What is expected ▸ Write out the data below in full, unchanged, minus the images.

== Source material

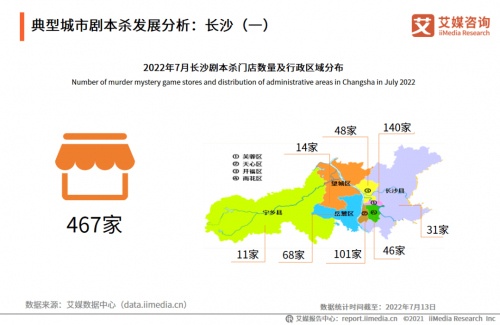 截至2022年7月,长沙共具有467家脚本杀门店,个中芙蓉区、天心区的脚本杀门店最多,辨别为140家和101家。以芙蓉区为例,芙蓉区地处湖南省的政治、经济、文明、商贸、信息中心,稀释了中国城市睁开进程,群集了彰显长沙汗青文明底蕴的相当大一局部精髓,考古发现、名人住宅、汗青街巷遍及个中。
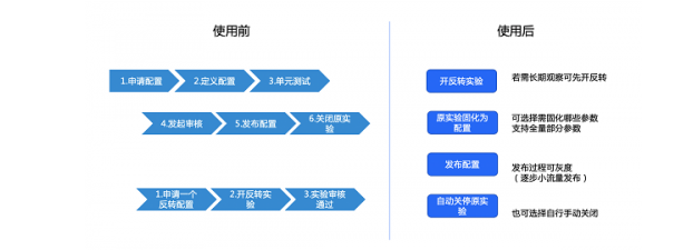 常规的 A/B 测试平台,在设计配置 A/B 实验时,均需要产品、研发、运维通力合作才能实现,时间成本和人力成本较高,同时上线功能出现问题后回滚处理的时间也较长。这种高成本和风险的不确定性,让很多企业对于 A/B 实验在自己业务中的广泛应用望而却步。
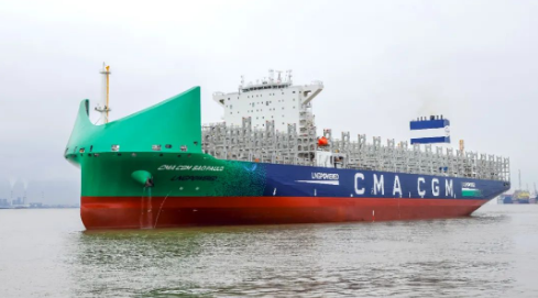 5月23日,由中國船舶集團旗下滬東中華聯(lián)合中船貿(mào)易為法國達飛集團建造的13000TEU液化天然氣(LNG)雙燃料動力集裝箱船系列4號船“CMA CGM SAOPAULO”號,在滬東中華長興島廠區(qū)命名交付。南美洲東海岸航線又將新添一艘中國“智”造的新一代綠色環(huán)保、高效節(jié)能型集裝箱船,為達飛集團箱船船隊綠色轉(zhuǎn)型發(fā)展貢獻新的中國船舶動能。

====

Answer for this exercise ▸
 截至2022年7月,长沙共具有467家脚本杀门店,个中芙蓉区、天心区的脚本杀门店最多,辨别为140家和101家。以芙蓉区为例,芙蓉区地处湖南省的政治、经济、文明、商贸、信息中心,稀释了中国城市睁开进程,群集了彰显长沙汗青文明底蕴的相当大一局部精髓,考古发现、名人住宅、汗青街巷遍及个中。
 常规的 A/B 测试平台,在设计配置 A/B 实验时,均需要产品、研发、运维通力合作才能实现,时间成本和人力成本较高,同时上线功能出现问题后回滚处理的时间也较长。这种高成本和风险的不确定性,让很多企业对于 A/B 实验在自己业务中的广泛应用望而却步。
 5月23日,由中國船舶集團旗下滬東中華聯(lián)合中船貿(mào)易為法國達飛集團建造的13000TEU液化天然氣(LNG)雙燃料動力集裝箱船系列4號船“CMA CGM SAOPAULO”號,在滬東中華長興島廠區(qū)命名交付。南美洲東海岸航線又將新添一艘中國“智”造的新一代綠色環(huán)保、高效節(jié)能型集裝箱船,為達飛集團箱船船隊綠色轉(zhuǎn)型發(fā)展貢獻新的中國船舶動能。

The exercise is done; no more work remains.